Terminator857@reddit
Faster than a 3090 for models that fit in 32gb of ram but not 24gb, such as popular qwen3 coder 30b at int8 / fp8.
PaulMaximumsetting@reddit
I’ll have to give a VLLM model a try next. GGUF models are usually a bit slower.
Qwen3-VL-32B-Instruct-UD-Q6_K_XL.gguf
KillerQF@reddit
3090 is 35TF fp16
R9700 is 97TF fp16
the latter can likely emulate fp4 or fp8 faster.
where the 3090 is better is bandwidth
936GB/s vs 645GB/s
one is new with 32GB the other is used.with 24GB
Tyme4Trouble@reddit
The 3090 is 142TF dense FP16 matrix.
KillerQF@reddit
Thanks for the correction
3090 - 142 tf
R9700 - 191 tf
b3081a@reddit
fp8 marlin kernels are way slower than native and is nowhere near its theoretical tensor performance.
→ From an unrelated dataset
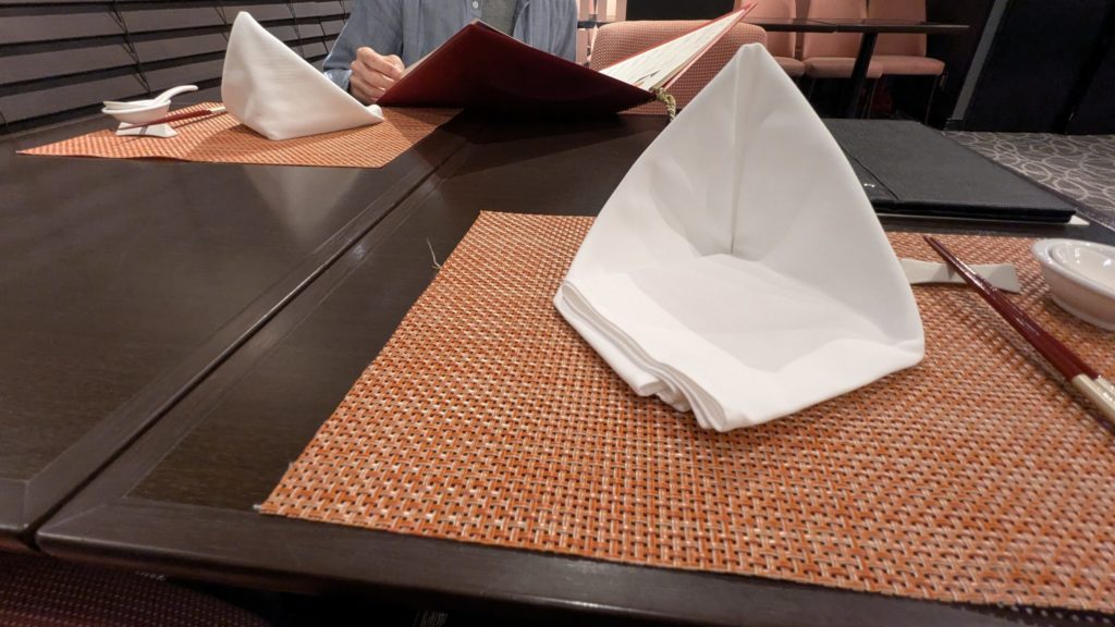 ホテル中華のいいところは、まず静かで落ち着いて食べられる点です。席も広々としてます。

If all you want is single user decode performance (rather than batch decode/prefill) then 3090's bandwidth is much more favorable though.
Rich_Repeat_22@reddit
3090 doesn't offer FP4 nor FP8, needs emulator and the perf tanks doing so.
On R9700 FP8 and BF8 are fully supported, with improved perf.
FYI, FSR4 is FP8.
Don't confuse it with the 7900XTX and the rest of the RDNA3/3.5 lineup.
And here is the full list
v_wmma_f32_16x16x16_f16
v_wmma_f32_16x16x16_bf16
v_wmma_f16_16x16x16_f16
v_wmma_bf16_16x16x16_bf16
v_wmma_i32_16x16x16_iu8
v_wmma_i32_16x16x16_iu4
v_wmma_i32_16x16x32_iu4
v_wmma_f32_16x16x16_fp8_fp8
v_wmma_f32_16x16x16_fp8_bf8
v_wmma_f32_16x16x16_bf8_fp8
v_wmma_f32_16x16x16_bf8_bf8
v_swmmac_f32_16x16x32_f16
v_swmmac_f32_16x16x32_bf16
v_swmmac_f16_16x16x32_f16
v_swmmac_bf16_16x16x32_bf16
v_swmmac_i32_16x16x32_iu8
v_swmmac_i32_16x16x32_iu4
v_swmmac_i32_16x16x64_iu4
v_swmmac_f32_16x16x32_fp8_fp8
v_swmmac_f32_16x16x32_fp8_bf8
v_swmmac_f32_16x16x32_bf8_fp8
v_swmmac_f32_16x16x32_bf8_bf8.
Woof9000@reddit
3.6 Roentgen, not great, not terrible.
regional_chumpion@reddit (OP)
That’s 1000 chest X-rays though.
Repsol_Honda_PL@reddit
Good price but Low cores count, average performance.